Calcium bioaccessibility and uptake by human intestinal like cells following in vitro digestion of casein phosphopeptide–calcium aggregates
Abstract
Casein phosphopeptides (CPPs), derived by casein proteolysis, can bind calcium ions and keep them in solution. In vitro studies have demonstrated CPP-induced cell calcium uptake, depending on the formation of (CPP + calcium) complexes and on the degree of differentiation of the intestinal cells.
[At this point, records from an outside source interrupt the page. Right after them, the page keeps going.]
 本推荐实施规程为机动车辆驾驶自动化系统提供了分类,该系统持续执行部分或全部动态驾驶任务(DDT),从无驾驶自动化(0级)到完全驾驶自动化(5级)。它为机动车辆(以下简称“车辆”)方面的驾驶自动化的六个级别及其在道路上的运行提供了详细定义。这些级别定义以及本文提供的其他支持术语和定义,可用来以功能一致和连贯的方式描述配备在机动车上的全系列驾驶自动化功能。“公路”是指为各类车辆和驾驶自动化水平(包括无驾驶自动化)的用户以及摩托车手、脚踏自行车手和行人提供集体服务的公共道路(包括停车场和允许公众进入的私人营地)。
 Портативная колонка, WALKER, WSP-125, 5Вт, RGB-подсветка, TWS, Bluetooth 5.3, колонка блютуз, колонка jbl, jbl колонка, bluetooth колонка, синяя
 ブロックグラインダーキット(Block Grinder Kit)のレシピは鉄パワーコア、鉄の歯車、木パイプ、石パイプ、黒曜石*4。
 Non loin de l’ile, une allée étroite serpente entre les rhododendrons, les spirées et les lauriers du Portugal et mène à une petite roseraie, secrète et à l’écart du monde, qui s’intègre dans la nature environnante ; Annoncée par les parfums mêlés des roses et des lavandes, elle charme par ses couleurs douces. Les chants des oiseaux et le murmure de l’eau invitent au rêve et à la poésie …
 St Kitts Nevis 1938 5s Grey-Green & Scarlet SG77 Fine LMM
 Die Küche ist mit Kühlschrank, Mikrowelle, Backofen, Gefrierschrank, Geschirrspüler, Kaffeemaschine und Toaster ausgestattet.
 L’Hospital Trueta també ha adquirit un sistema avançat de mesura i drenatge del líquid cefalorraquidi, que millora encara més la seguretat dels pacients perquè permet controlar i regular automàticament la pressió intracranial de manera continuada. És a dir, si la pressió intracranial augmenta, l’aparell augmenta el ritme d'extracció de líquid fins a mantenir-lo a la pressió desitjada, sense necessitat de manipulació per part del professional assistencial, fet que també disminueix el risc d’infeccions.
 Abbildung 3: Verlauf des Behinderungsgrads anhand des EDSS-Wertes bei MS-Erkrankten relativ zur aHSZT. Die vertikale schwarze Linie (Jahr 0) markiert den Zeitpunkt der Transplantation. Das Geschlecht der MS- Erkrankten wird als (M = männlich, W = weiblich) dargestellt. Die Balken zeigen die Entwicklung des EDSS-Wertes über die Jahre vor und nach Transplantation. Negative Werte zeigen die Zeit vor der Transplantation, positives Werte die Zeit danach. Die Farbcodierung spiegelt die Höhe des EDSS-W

With the present study, we address the persistence of the complexes and of the CPP-induced calcium uptake in intestinal like cells after the digestion process, thus examining their eligibility to serve as nutraceuticals. A calcium-preloaded CPP preparation of commercial origin (Ca–CPPs) was subjected to in vitro digestion. The evolution of the supramolecular structure of the Ca–CPP complexes was studied using laser-light and X-ray scattering. The bioactivity of the pre- and post-digestion Ca–CPPs was determined in differentiated Caco2 and HT-29 cells by video imaging experiments using Fura-2. We found that Ca–CPP aggregates keep a complex supramolecular organization upon digestion, despite getting smaller in size and increasing internal calcium dispersion. Concomitantly and most interestingly, digested Ca–CPPs clearly enhance the uptake of calcium ions, especially in Caco2 cells. In contrast, digestion depletes the ability of post-loaded decalcified-CPPs (Ca–dekCPPs), with a weaker internal structure, to induce calcium uptake. The enhanced bioactivity reached upon digestion strongly suggests a recognized role of Ca–CPPs, in the form used here, as nutraceuticals.